The point here is be wary of second guessing decisions just because what you did under performed what you didn’t do.
I few years ago (2014 roughly) I pulled the top returning trades from close to close. I.e. you buy a stock right before close and sell it right before close the next day. What would be the return if you guessed right for ~225 consecutive trading days and picked the highest returner for the next trading day?
You would have ended in possession of all the world’s money really quickly. There are literally a million or more ways you could have made more money than you did.
This last year, I skipped ahead financially and upped the account to $1M - I presume everyone will get to $1M soon enough. I don’t think I have to demonstrate you can get there in 5-6 years.
Because of this extra capital I have been running a hedging strategy as protection off and on. Mostly around Trump.

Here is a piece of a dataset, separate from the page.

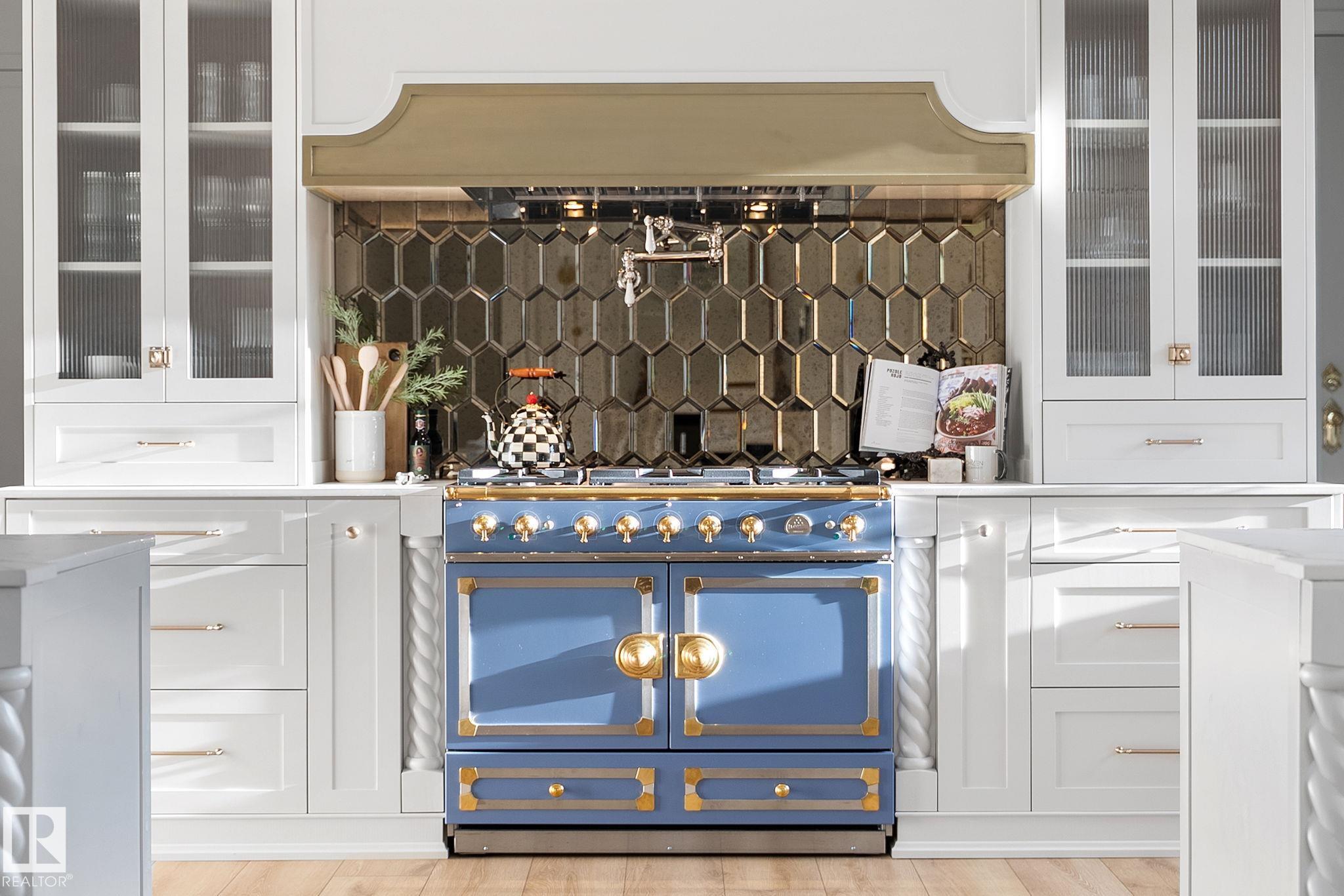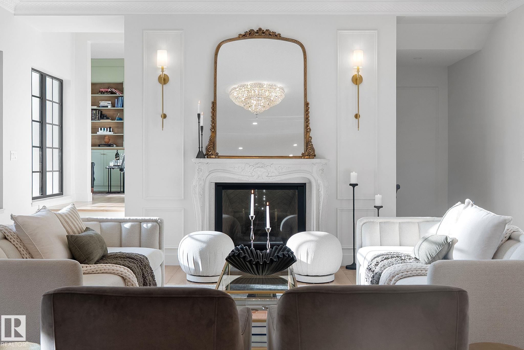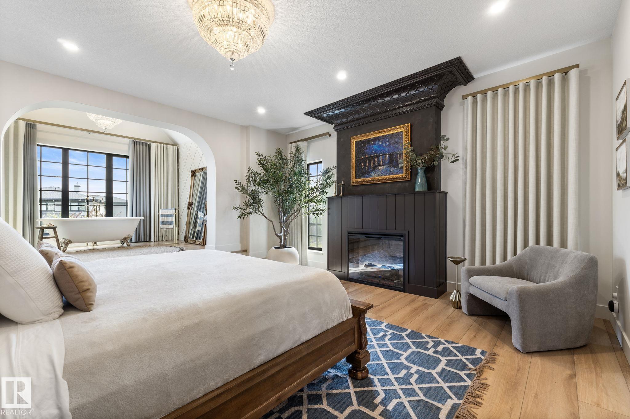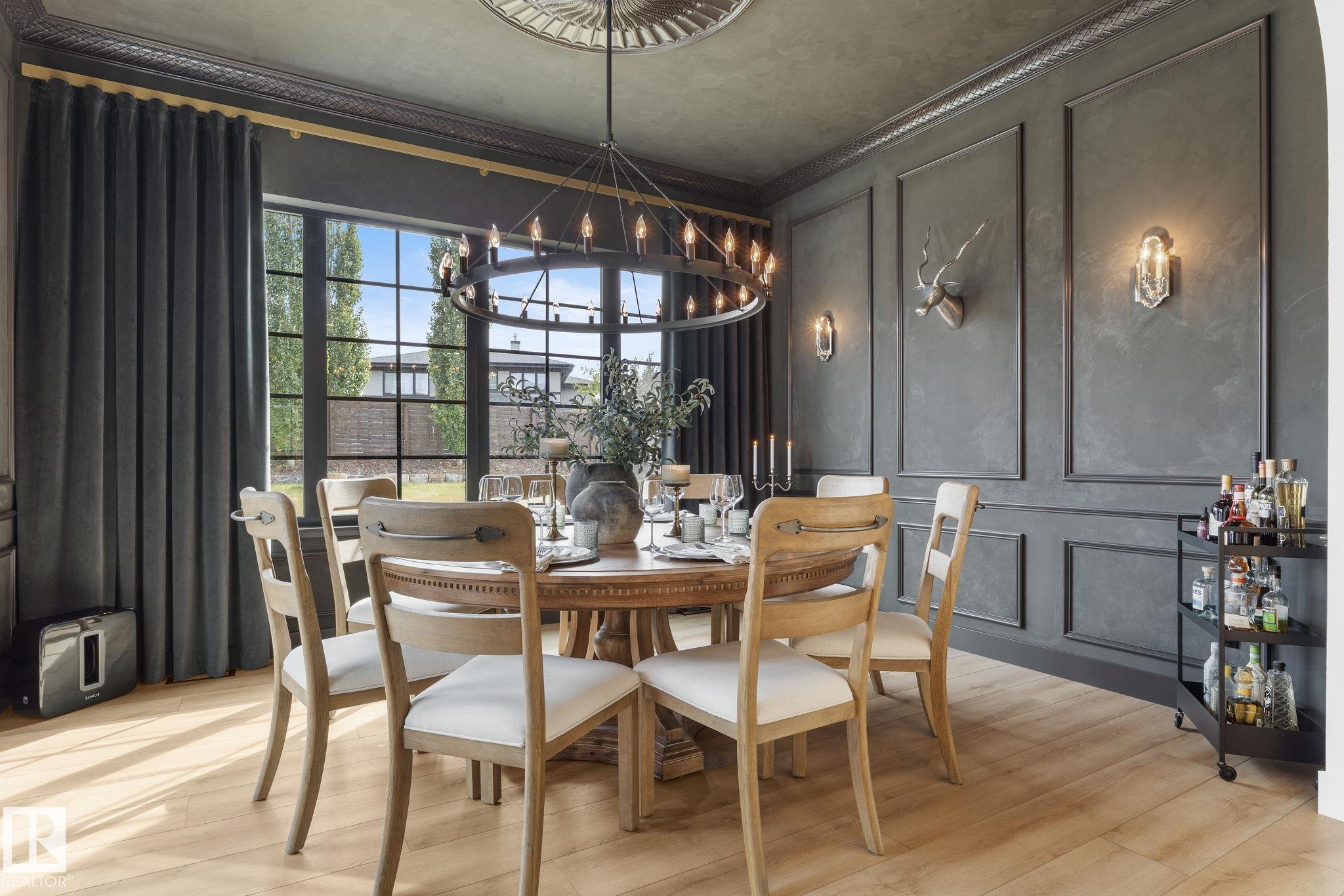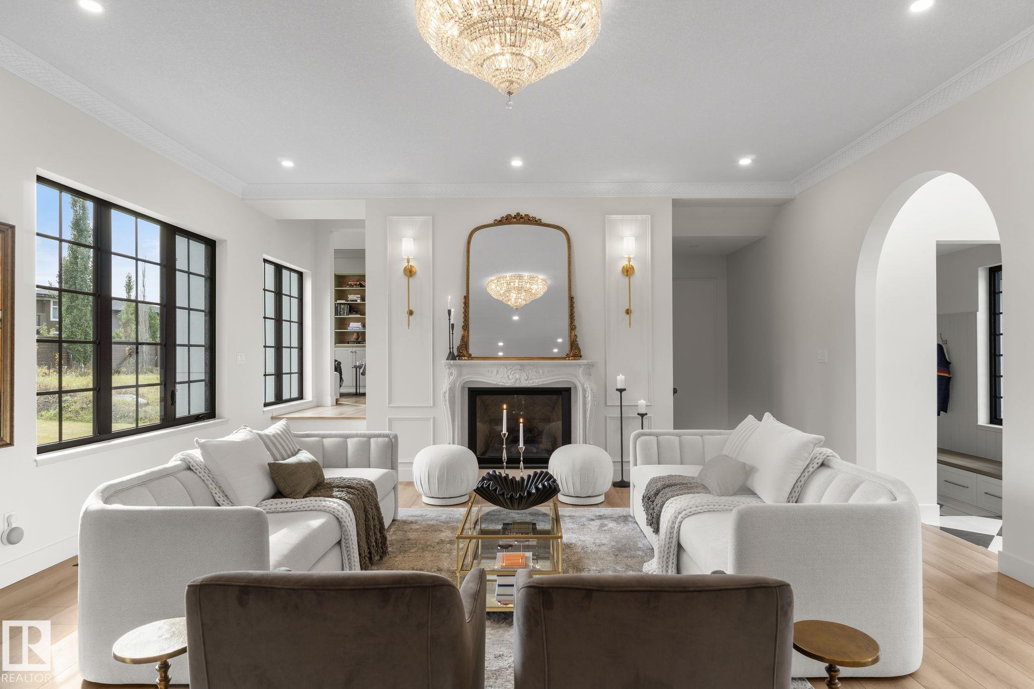Visit the Listing Brokerage (and/or listing REALTOR©) website to obtain additional information. Located on prestigious Windermere Drive, this former Chizen & Co. showhome blends French and German architectural influences with curved metal roofs, copper accents, and a stone fa‡ade. Set on a massive 20,000+ sq ft lot, over 5,500 sq ft of refined living features 10-ft ceilings, a cast-carved stone fireplace, designer lighting, and a chef's kitchen with La Cornue range, paneled appliances, and prep kitchen. The library with custom millwork offers a quiet retreat. The three-tiered primary bedroom includes dual baths, walk-in closet, and fireplace. Highlights include four bedrooms, 3.5 baths, den, hidden wine room, third-story loft with river views, and basement with golf simulator rough-in and arched bar. Outdoors, enjoy a covered entertaining area with grill, pizza oven, and landscaped grounds. A heated five-car garage completes one of Edmonton's most architecturally coveted residences.

I adjusted the expected return up-slightly to account for this activity. Read this as I’ve taken on slightly more risk which means, since I exit on risk, I have been holding for a bit longer.
That’s it. I am just riding the winners a little bit longer than I was. That’s the Final Chapter big wow moment.
Just holding a little bit longer.
We will see if I still hit the 70% for the year or not. There is still plenty of time for Trump to invade France and ruin my returns.
Still just a standard brokerage, no use of leverage, just more money in it this round.
The goal of all of this is to show what is possible without taking on stupid risks and to show how far you can get if you just read filings and do a little bit of thinking. This is all geared towards showing an 11 (now 15 year old) how the market works.
This is why I started writing all this stuff down originally. Because I have one of those.
I don’t know if making $700k/year (~$450k after taxes) is enough for your desired lifestyle. I do know that is what 70% return on $1M is just to state want might not be obvious to anyone reading.
If you don’t try to grab the brass ring before your arms aren’t long enough to reach it you can really get anywhere in life.